◆ Task requirements ◆
Transcribe exactly the lines below that begin at the line with "1組の社会科の授業では、地元" and stop after the line with "Säljer en beige", leaving out every picture.

◆ Material provided ◆
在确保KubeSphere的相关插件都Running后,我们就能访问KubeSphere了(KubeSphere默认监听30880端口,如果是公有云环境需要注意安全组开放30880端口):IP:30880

...

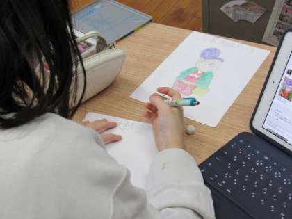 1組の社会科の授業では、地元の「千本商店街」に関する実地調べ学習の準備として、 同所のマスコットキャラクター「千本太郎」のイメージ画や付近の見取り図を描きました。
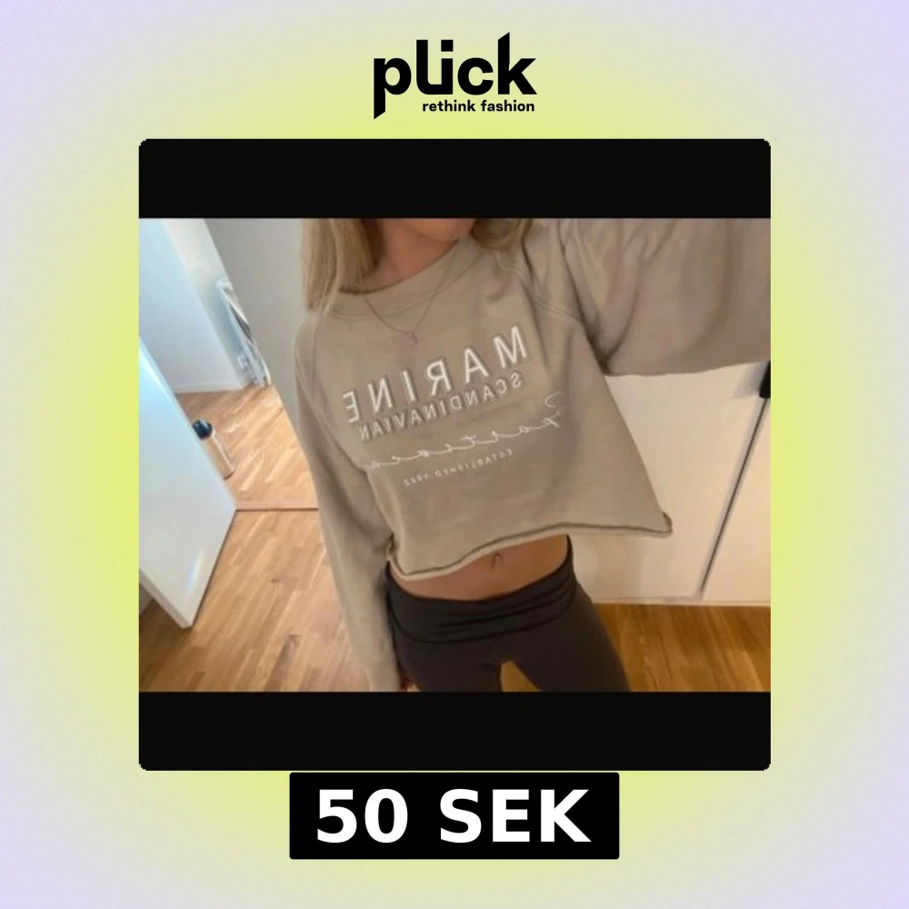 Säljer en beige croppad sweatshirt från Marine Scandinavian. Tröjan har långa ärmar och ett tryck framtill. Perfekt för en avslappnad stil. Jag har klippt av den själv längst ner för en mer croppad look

==

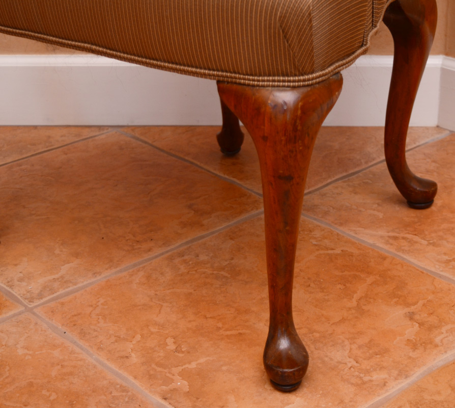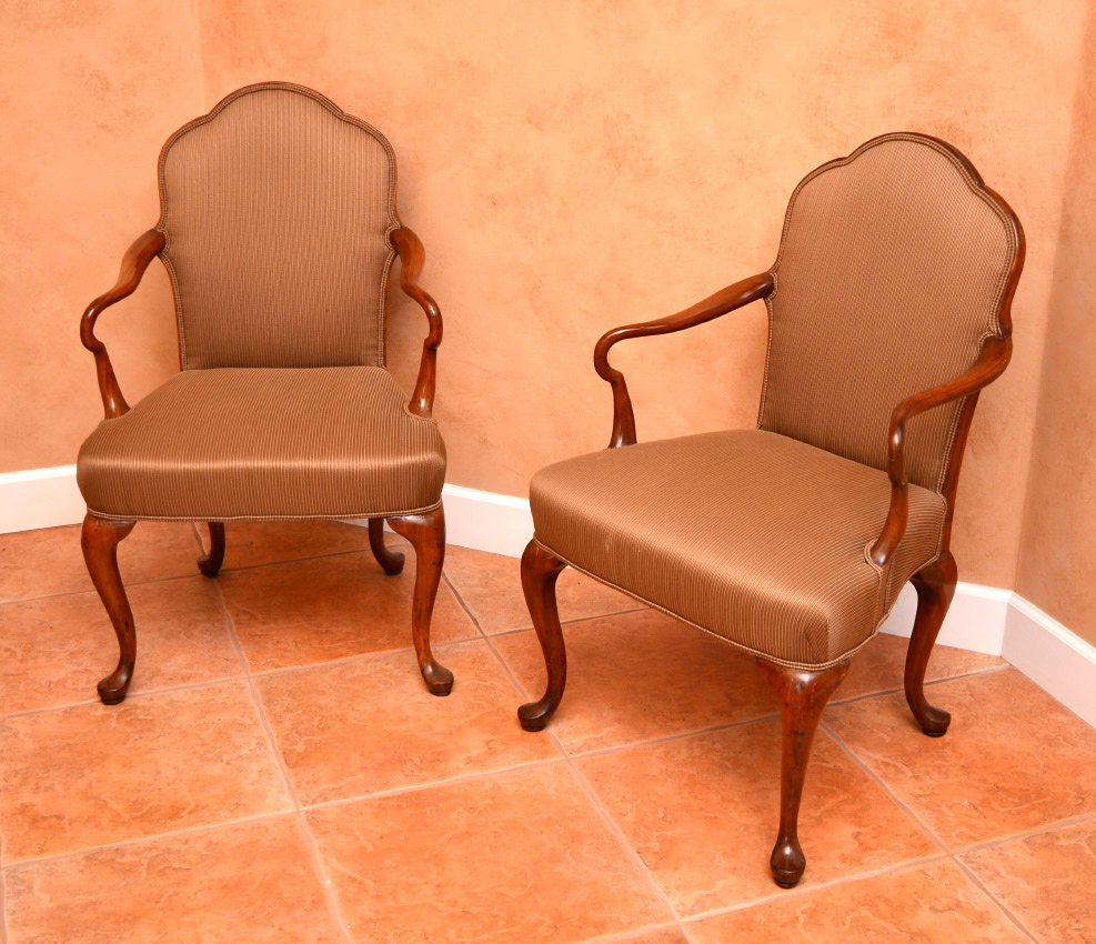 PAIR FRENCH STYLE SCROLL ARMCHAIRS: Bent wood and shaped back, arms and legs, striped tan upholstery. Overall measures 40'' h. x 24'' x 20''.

◆ Solved problem ◆
 1組の社会科の授業では、地元の「千本商店街」に関する実地調べ学習の準備として、 同所のマスコットキャラクター「千本太郎」のイメージ画や付近の見取り図を描きました。
 Säljer en beige croppad sweatshirt från Marine Scandinavian. Tröjan har långa ärmar och ett tryck framtill. Perfekt för en avslappnad stil. Jag har klippt av den själv längst ner för en mer croppad look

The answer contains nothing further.